Slowdown forcing developers to look for ‘affordable’ housing

May 7th, 2008 - 12:45 pm ICT by admin  

By Anuradha Shukla
New Delhi, May 7 (IANS) With a slowdown looming over India’s realty industry, developers are shifting their focus to ‘affordable’ housing. “Luxury housing, with world class amenities, is restricted to high end users who constitute only five percent of the population. It is high time developers looked for the large middle class population which requires affordable housing,” added Rohtash Goel, chairman of Omaxe, a real estate giant.

Experts from the market point out that developers are being forced to look for affordable options - costing below Rs.2.5 million - because of lack of buyers for luxury housing - Rs.5 million and above.

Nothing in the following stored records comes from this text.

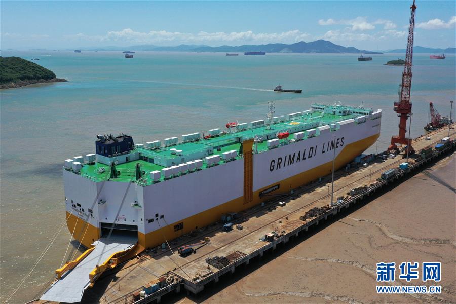 8月1日在位于螞蟻島的揚帆集團東海岸造船廠拍攝的一艘在建的汽車滾裝船,月底即將交付給意大利客戶(無人機照片)。新華社記者黃宗治攝
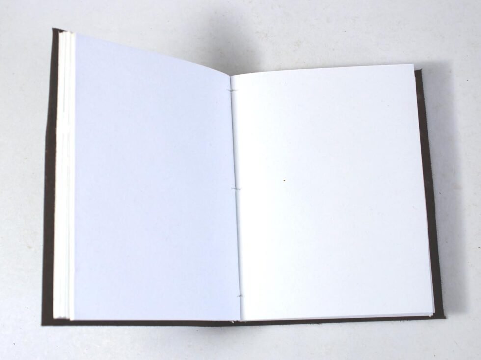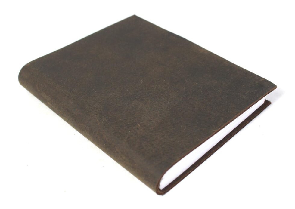Oil pull-up buffalo leather journal with a thick, rich, and soft antique finish. Gypsy-style hand-bound design with a plain spine. Contains 72 sheets (144 pages) of recycled cotton handmade paper – wood-free, acid-free, and ink-friendly.
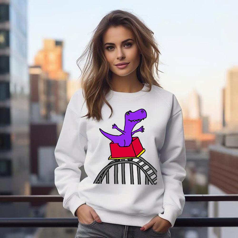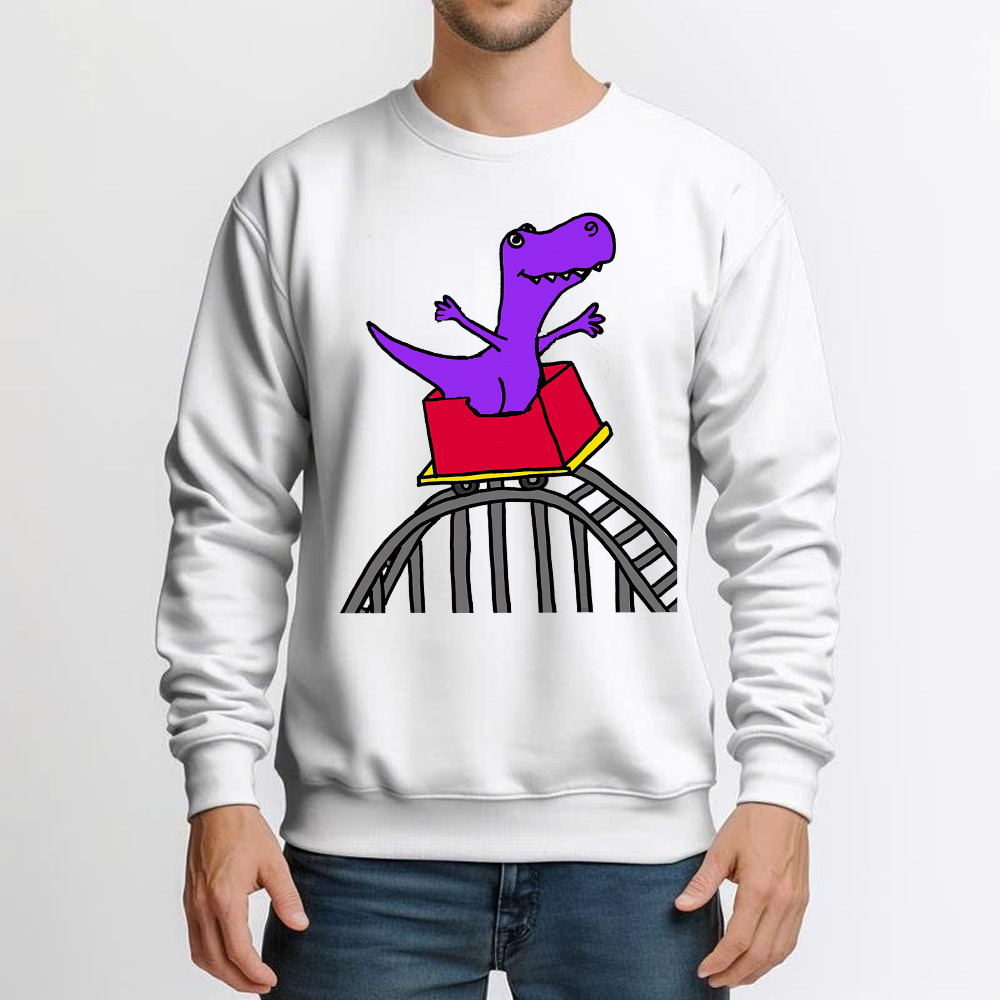 T-Rex Riding Roller Coaster Sweatshirt Funny Cute Graphic Tee Shirt Apparel Gifts For Him.
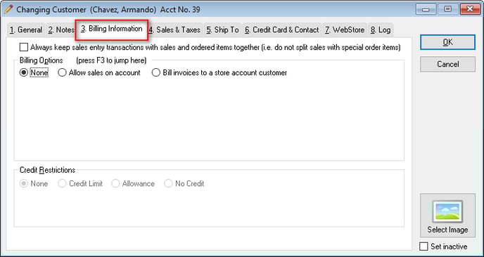 - Enter any Terms, Alt Act No, and Default PO No. if desired
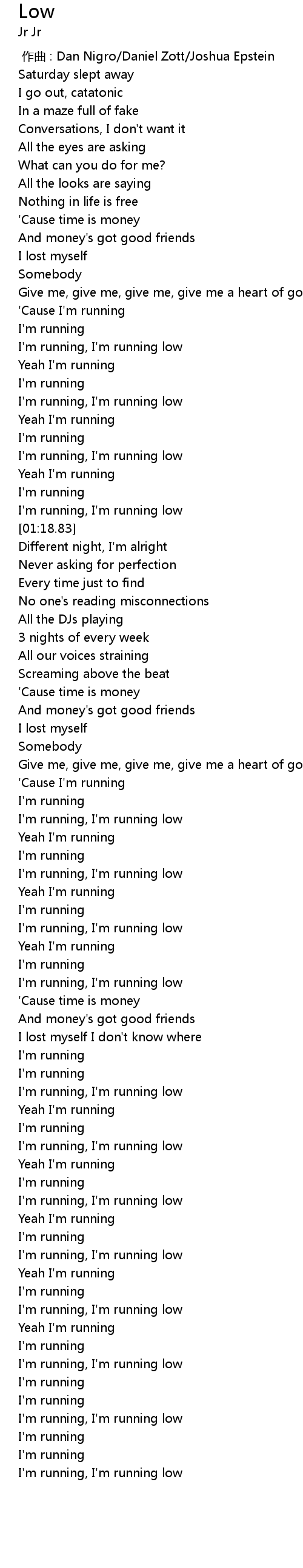 | [01:11.50] | I'm running, I'm running low |
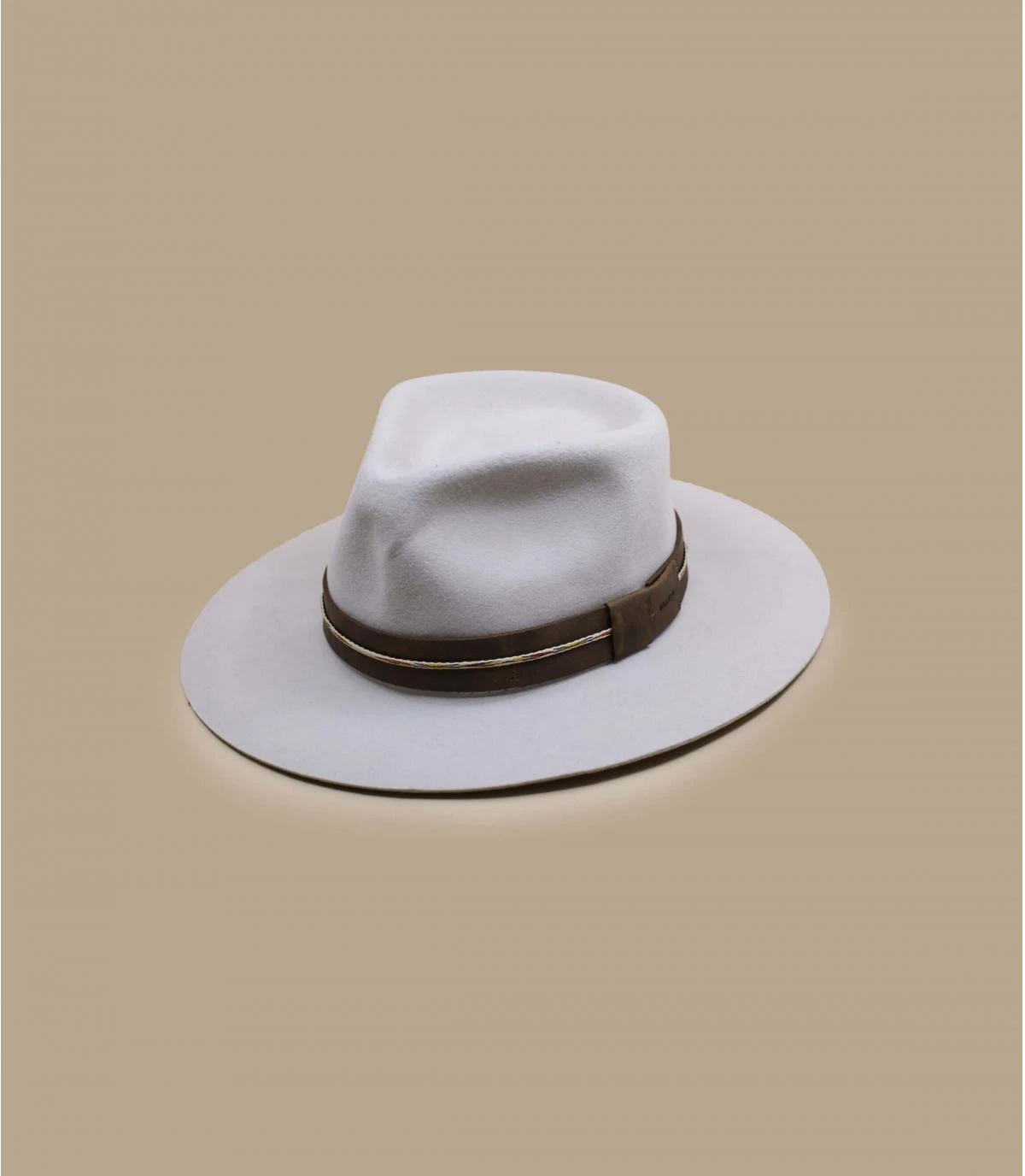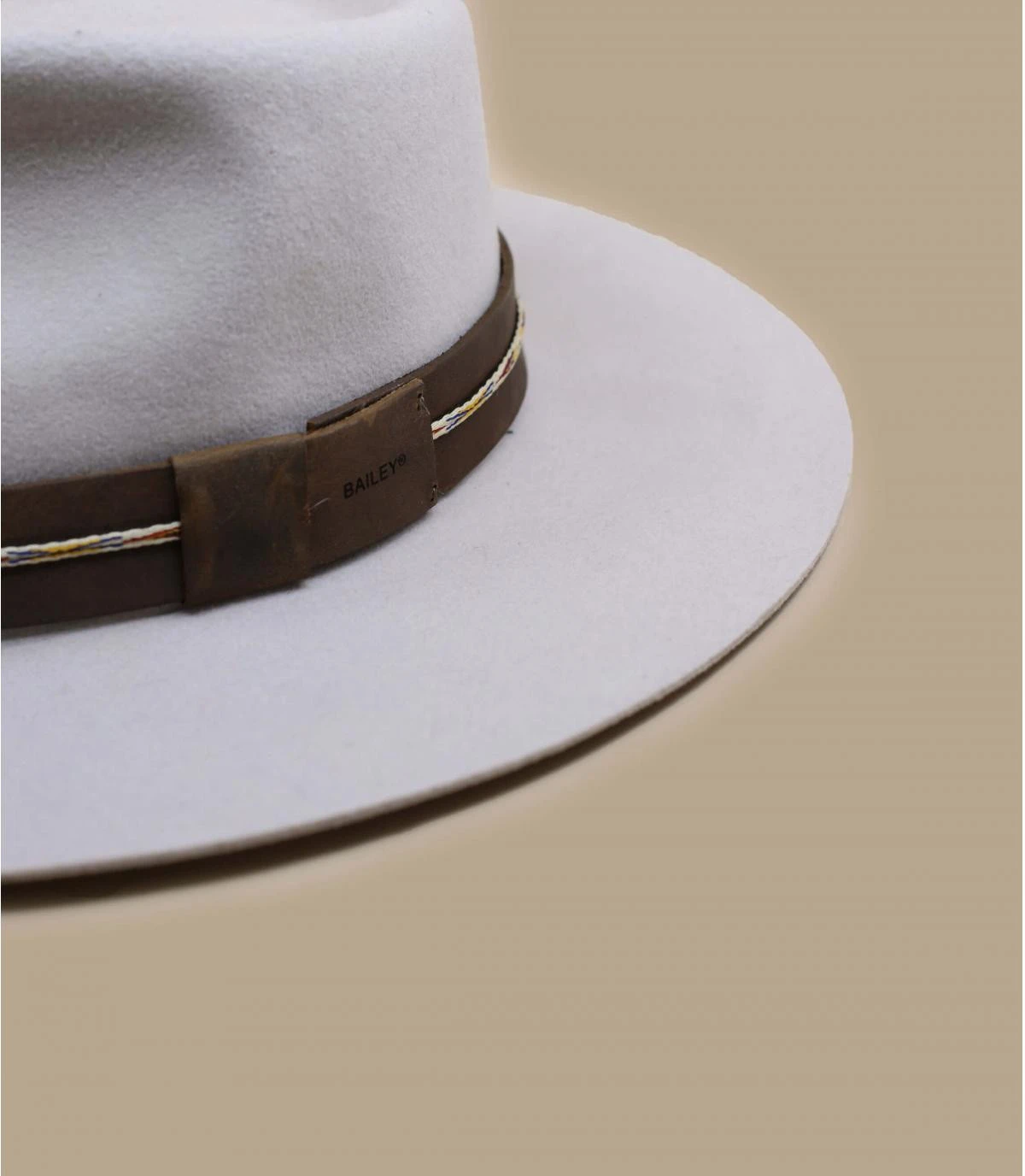 Parmi les finitions soignées dont bénéficie cet élégant chapeau de feutre beige que nous propose la marque spécialisée Bailey, on distingue une mise en forme Elite qui lui donne plus de rigidité, ainsi qu’une bande de cuir naturel sur l’extérieur et une bande de confort en chevreau à l’intérieur.
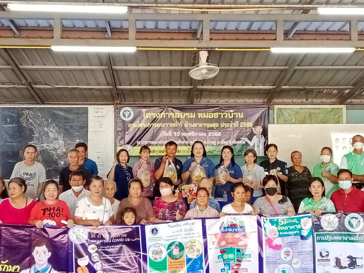 วันนี้ 10 พฤศจิกายน 2566 นางพีระพรรณ ศิริกุล รองนายกเทศมนตรีตำบลบ้านดู่ ให้เกียรติเป็นประธานเปิดโครงการอบรมหมอชาวบ้าน ตามโครงการพระราชดำริด้านสาธารณสุข ประจำปี 2566 ซึ่งได้รับการสนับสนุนงบประมาณจากเทศบาลตำบลบ้านดู่ ณ ศาลาอเนกประสงค์บ้านหัวฝาย หมู่ที่ 13 ตำบลบ้านดู่ อำเภอเมืองเชียงราย จังหวัดเชียงราย โดยมีนางสาวนิรชา เรือนคำ ที่ปรึกษานายกเทศมนตรีตำบลบ้านดู่ เข้าร่วมพิธีเปิดโครงการในครั้งนี้
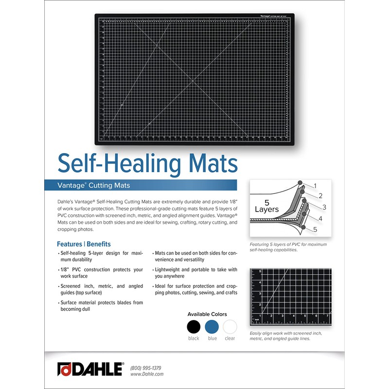 Dahle Vantage 10694 Premium Self-Healing Cutting Mat, 36"x48", 1/2" Grid, 5 Layers for Max Healing, Perfect for Crafts & Sewing, Blue
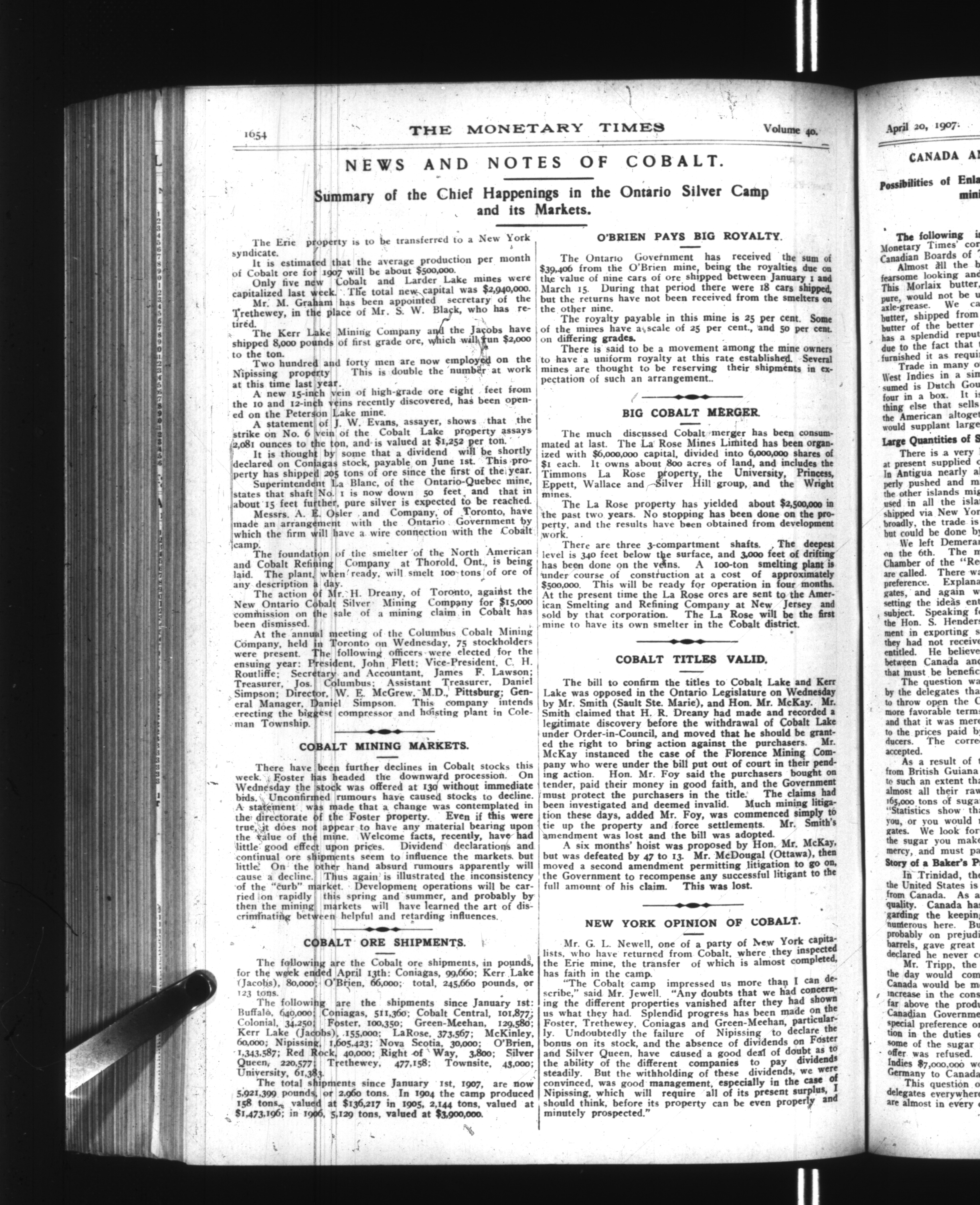 The monetary times, trade review and insurance chronicle : Vol. 40, No. 42 (April 20, 1907)
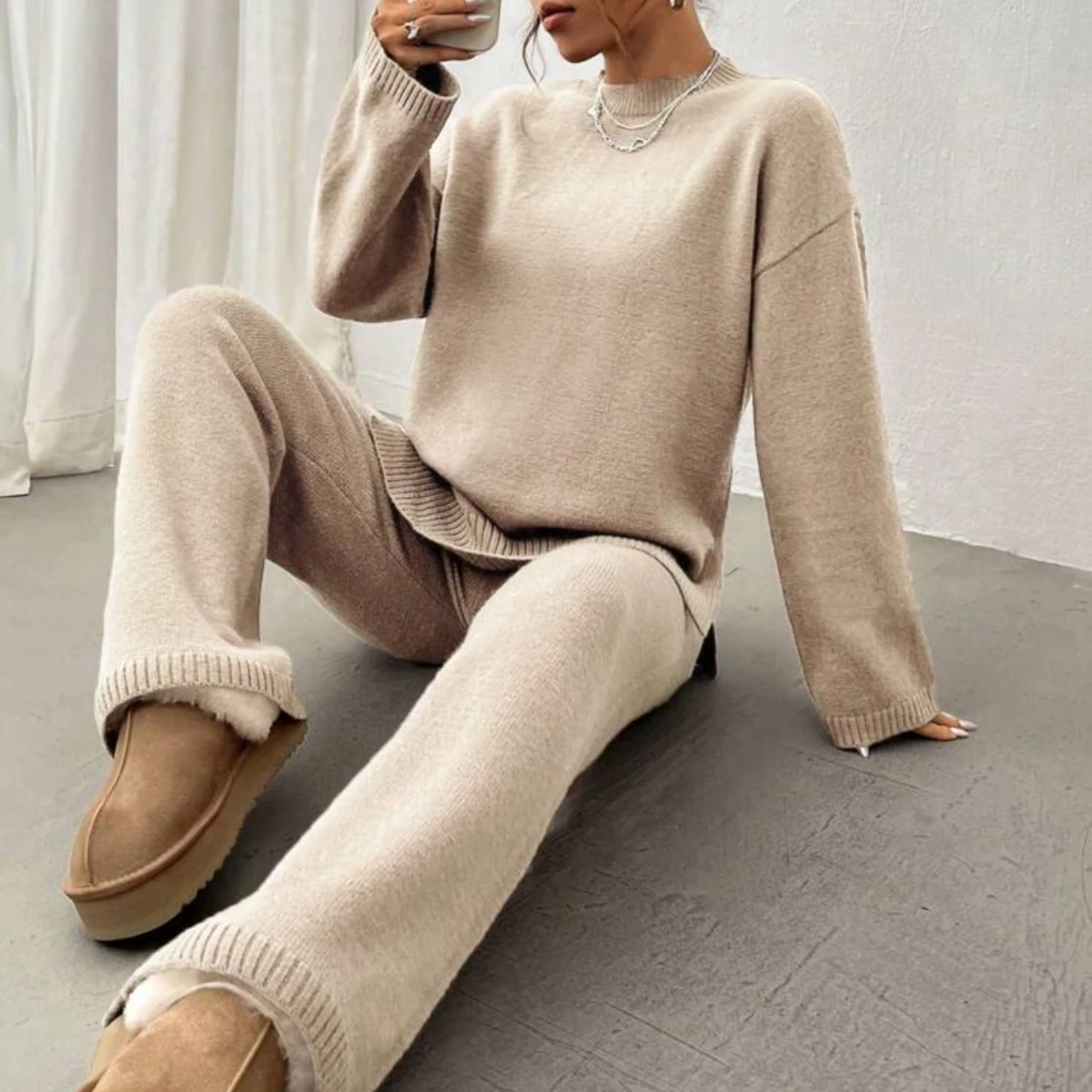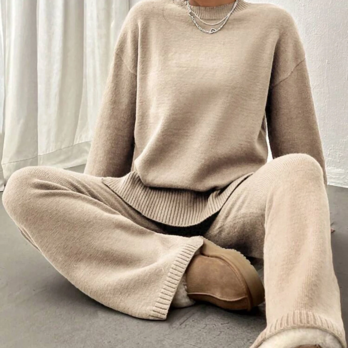 Säljer detta setet både byxorna och tröjan. Jätteskönt material och mysig passform. Säljer då jag köpte fel färg.

According to Cushman and Wakefield, a real estate firm, prices in New Delhi and other parts of northern India, have fallen by at least 20 percent over the past year.

And experts predict that the slowdown is going to prevail until there is a price correction.

“Developers are talking about low-cost housing because there is demand there,” said Anshuman Magazine, managing director of CB Richard Ellis in India. “But there’s a need to reduce land costs and build infrastructure first.”

“Property prices badly need a correction. It was a booming market, so developers didn’t think before quoting a price. Developers have been overpaying for land, making the wrong product and not doing their research”, said a source from property developing giant DLF.

“Even land prices that have multiplied over the last three years are expected to drop anywhere between 15 percent and 50 percent in the coming year,” he added.

And that is the reason why even big developers like Mahindra Lifespace, DLF, Raheja and Unitech, that were primarily engaged in luxury class apartments and townships, are talking of affordable options.

DLF is changing its housing designs in Delhi’s suburb Gurgaon to squeeze in more two-bedroom units, along with four-bedroom homes.

“Developers had piled on to the top end of the housing market where profit margins are the highest. But it is time to think of affordable options and more realistic prices,” Goel added.